Интересно, что третьим в нашей застольной компании был член КПСС Ущербин. Его предварительно вызывали в КГБ для дачи показаний, но он ничего не рассказал мне ни тогда, ни позже, ни теперь о подробностях разговоров там. Это о чём-то говорит. Не представляю, чтобы я вёл себя так же, в такой же ситуации. Логика требует считать, что его мнение было похожим на мнение Свинарёва. Иначе он как честный человек должен был хоть как-то оправдаться передо мной за пережитый стресс трёхдневных допросов в такой организации, как КГБ.

Надо сказать, что возникшие у меня тогда сомнения о качестве личности г. Ущербина не могу не связать с другим случаем. В 1976 году Обком КПСС решил, наконец, расправиться с нашим директором, Александром Алексеевичем Азовцевым. Азовцев был талантливейшим руководителем, создателем нашего Центрального института судостроительной промышленности.
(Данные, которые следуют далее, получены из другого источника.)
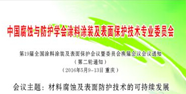 第19届全国涂料涂装及表面保护会议暨委员会换届会议会议通知(第二轮通知)(2016年5月9-13日 重庆) 会议主题:材料腐蚀及表面防护技术的可持续发展 主办单位 中国腐蚀与防护学会涂[详细]
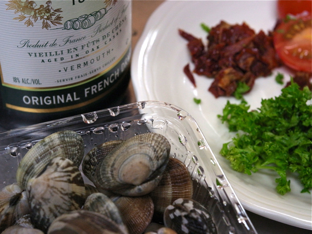 一般的には白ワインで蒸しますが、我が家ではベルモットを割って使います。この方がコクが出てプロっぽくなります^^ というか、ボトル入りのベルモットはさすがに消費量が少ないので、調理酒に転用するのが好都合というわけです。
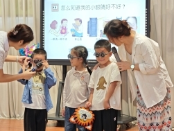 活动中,医生阿姨首先用生动的动画和趣味的眼球模型,向孩子们科普“眼睛的重要性”,让孩子们知道眼睛是我们珍贵的“小窗户”;接着,在“眼镜初体验”环节中掀起高潮,孩子们戴上特制的模拟眼镜,亲身体验视力模糊带来的不便;随后,孩子们又通过“蒙眼小游戏”,体验盲人走路的不便,感受失去光明的困难,懂得了珍惜与关爱;最后,在有趣的“爱眼小知识”互动问答环节中,孩子们争先恐后地举手发言,在欢声笑语中将护眼知识牢记心间。

Только благодаря ему институт был и создан и стал действительно научной организацией, за несколько лет занявшей ведущие позиции в отрасли, выросшей из мелкого ЦКБ численностью в 300 человек до могучей организации, собравшей около двух с половиной тысяч человек ведущих специалистов по всем направлениям нашей науки и техники, оснащённой исключительной лабораторной и производственной базой.

Достаточно сказать, что мы построили, кроме обычных производственных корпусов, уникальный электротехнический стенд мирового уровня, создали сеть филиалов на всей территории СССР, от Калининграда до Владивостока. Получив в подарок от ВМФ 7-й форт в Финском заливе, построили на нём уникальную опытно-экспериментальную базу для изучения и решения возникшей в те годы проблемы мирового значения, проблемы статической электризации углеводородных топлив в топливных танках танкеров. В мире тогда взорвалось несколько десятков танкеров супербольшого водоизмещения. И никто не знал, почему это происходит и как от этого защищаться. Наш результат в этой области таков - ни один! из танкеров нашей постройки не взорвался.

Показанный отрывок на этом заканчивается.